Records from a collection:

━━━━━━━━━━━━━━━━━━━━━━━━━━━━━━

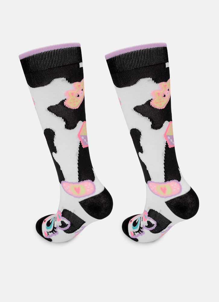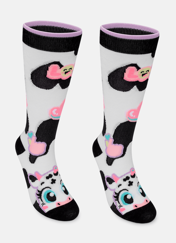 Meia Cano 3/4 Menina Vaca Patches
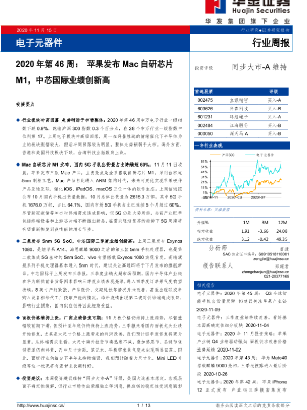 【华金证券】【20201115】电子元器件2020年第46周:苹果发布Mac自研芯片M1,中芯国际业绩创新高-13页 行业研究
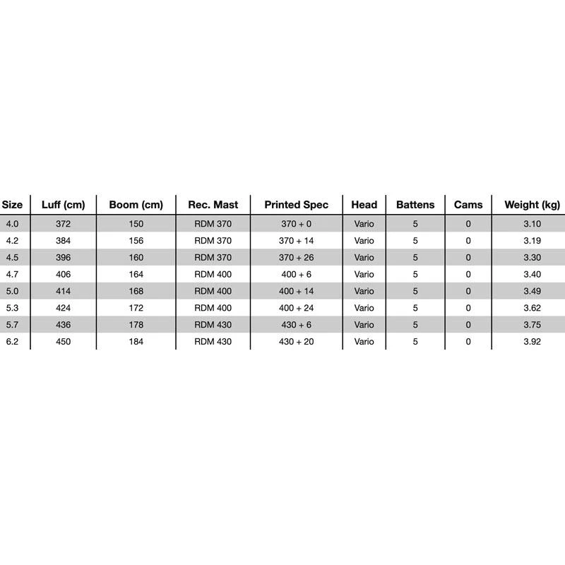 - Taille 5.0 – Luff 414 cm – Boom 168 cm – Rec Mast RDM 400 – 400 + 14 – Head Vario – Battens 5 – Cams 0 – 3.49 kg
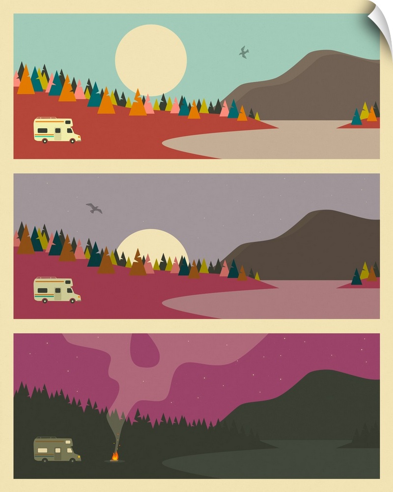 <p>Retro style illustration of caravan camping in the woods split into three sections throughout the day, ending with a campfire.</p>
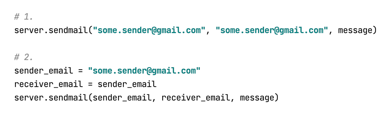 some.sender@gmail.comis a sender- that the receiver is the same as the sender (we send the email to ourselves). I’d even extract that assignment into
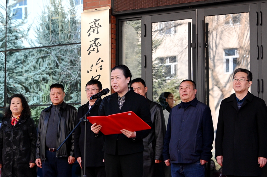 校黨委書記陳桂芝在致辭中首先代表全校師生員工,向塑像捐贈(zèng)人陳國(guó)慶校友對(duì)母校、對(duì)師者感恩之善舉表示衷心地感謝。她指出,為王墨林先生立像,就是深切緬懷以王墨林先生為代表的老一輩齊大先賢的發(fā)展功績(jī),感召和激勵(lì)廣大師生校友傳承齊大精神,續(xù)寫和創(chuàng)造學(xué)校發(fā)展的新篇章。今天的齊大,已經(jīng)發(fā)展成為龍江西部地區(qū)規(guī)模最大、層次最齊、門類最全、經(jīng)濟(jì)社會(huì)契合度最高的省屬綜合性大學(xué)。歷史發(fā)展的接力棒已經(jīng)交到我們這一代齊大人手中,吾輩當(dāng)不負(fù)黨的重托,不負(fù)人民希望,不負(fù)偉大時(shí)代,將齊大夢(mèng)融入中國(guó)夢(mèng),將齊大發(fā)展融入龍江振興、融入強(qiáng)國(guó)建設(shè)、民族復(fù)興之路,用汗水、赤誠(chéng)與榮光把“齊齊哈爾大學(xué)”的名片擦得更美更靚。
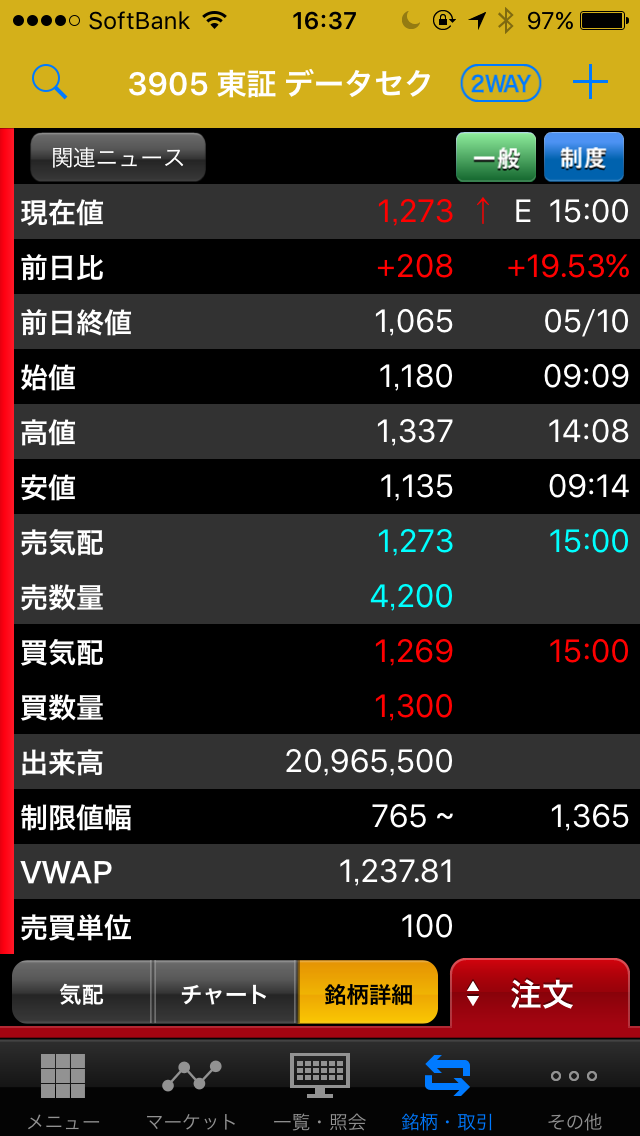 貸借0.5倍の大幅な売り長であり、貸借取引で注意喚起が発表されるなど、踏み上げの展開となっています。
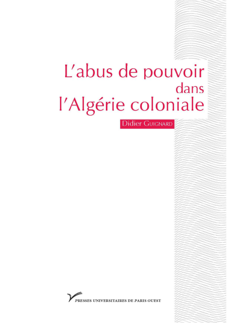 Dans les années 1890, on assiste à une dénonciation croissante des abus de pouvoir en Algérie coloniale. La compétition électorale de la minorité française en est souvent à l'origine. Mais l'attention du Parlement et de la presse métropolitaine grandit pour transformer ces affaires en « scandales algériens ». Ils donnent à voir un système politique et administratif gangrené par la violence, le clientélisme et la corruption qui sont nourris par l'abondance des fonds publics dans une colonie de peuplement boudée par le grand capital. Comme pratique et représentation du pouvoir, l'abus est alors facilité par le droit, la confusion du droit et la défaillance des institutions de contrôle, dans un contexte plus général de sous-administration. Ces données sont parfaitement intégrées par les agents de l'État et l'ensemble des administrés ; elles développent un sentiment d'impunité, des stratégies de participation ou de contournement, propres à faire durer le système.
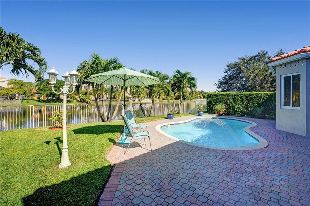 Indulge in that holiday lifestyle with this immaculate waterfront property. From the sparkling pool with a water fountain feature to the sweeping lake views and central location, this is a home that will impress. There is a large backyard patio ready for relaxing with friends and family while taking in lake views. Owner’s suite has 2 walk-in closets and an ensuite that was updated in 2016. Other updates include impact windows, doors and exterior paint in 2018, AC in 2016. This stunning residence is nestled in the sought-after Riviera Isles community that is peaceful and private yet close to shopping and restaurants. Residents of this prized guard gated community enjoy access to a clubhouse, tennis courts, fitness center, pool and spa, plus scenic trails ready for you to explore.
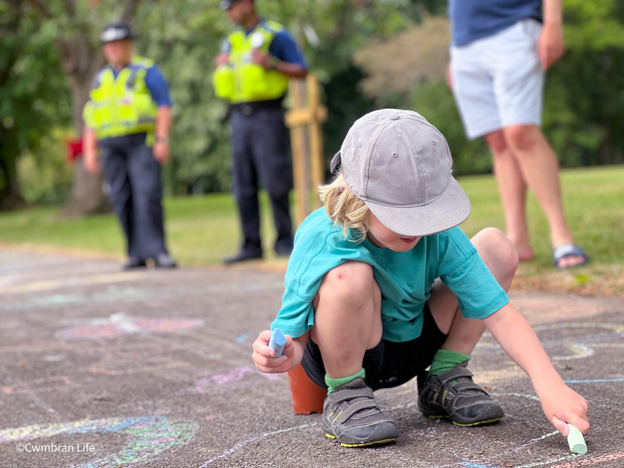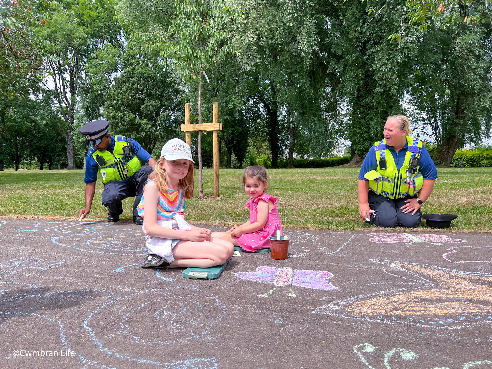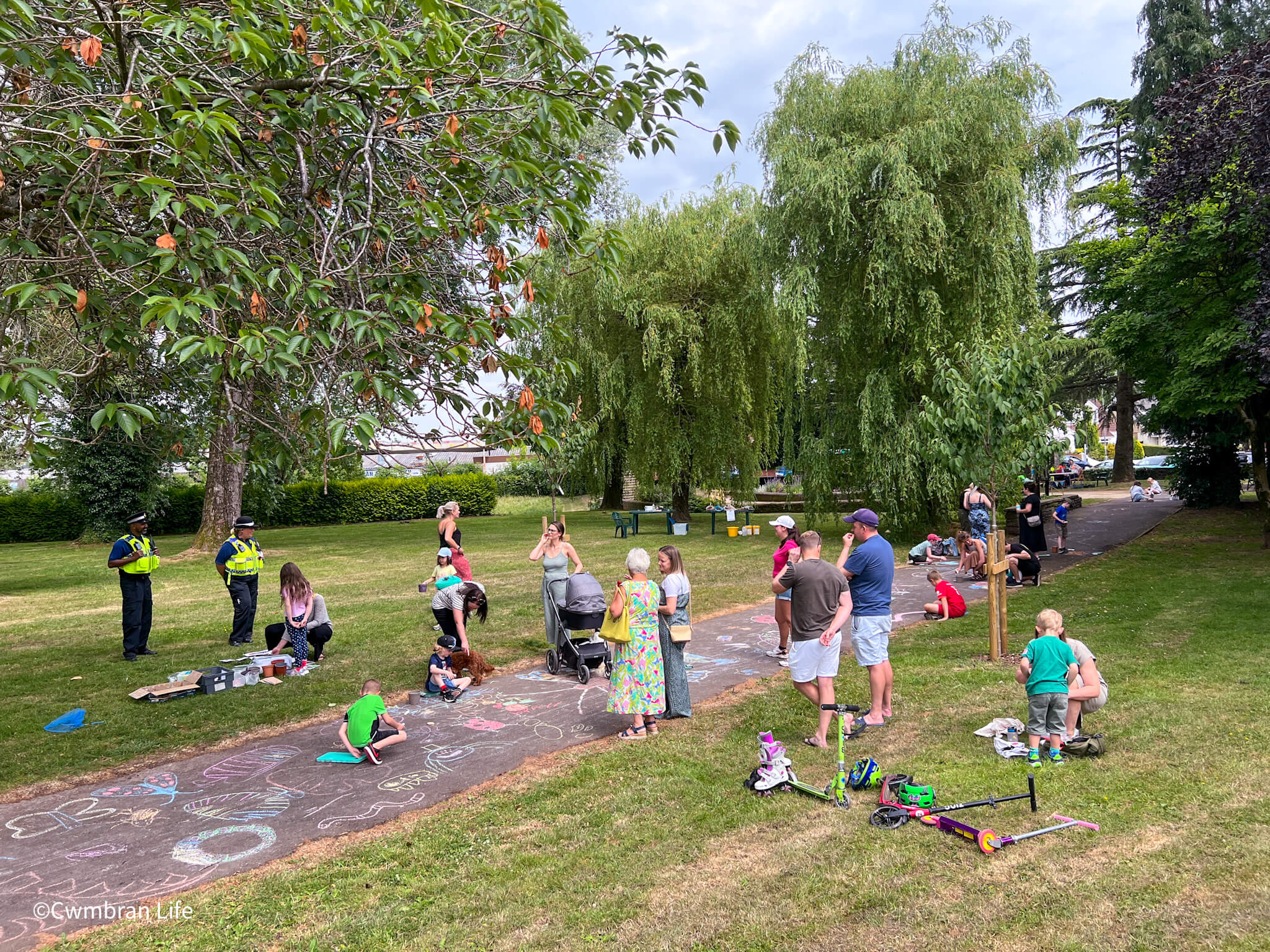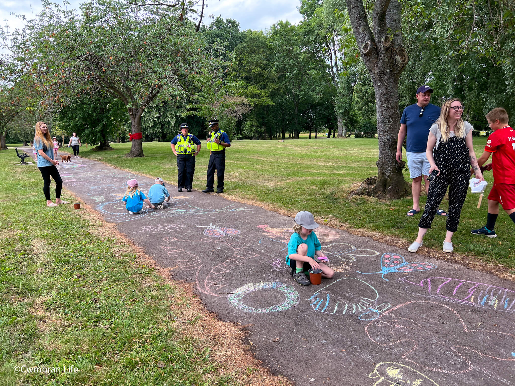 They took part in an Art in the Park event, organised by Llarcs (Llantarnam Residents Conservation Society). Artist Tom Maloney encouraged children to draw bugs and insects in chalk along one of the long paths through the park. This is a quick video of the path after the first session, before the second group made it even longer in the afternoon. It’s a stunning, colourful stretch of creative art made by children.

━━━━━━━━━━━━━━━━━━━━━━━━━━━━━━

> [Your instructions]: Produce the lines from the first line of the entries through the line that contains "<p>Retro style illustration", exactly, leaving the pictures behind.

> [Answer to this exercise]:
 Meia Cano 3/4 Menina Vaca Patches
 【华金证券】【20201115】电子元器件2020年第46周:苹果发布Mac自研芯片M1,中芯国际业绩创新高-13页 行业研究
 - Taille 5.0 – Luff 414 cm – Boom 168 cm – Rec Mast RDM 400 – 400 + 14 – Head Vario – Battens 5 – Cams 0 – 3.49 kg
 <p>Retro style illustration of caravan camping in the woods split into three sections throughout the day, ending with a campfire.</p>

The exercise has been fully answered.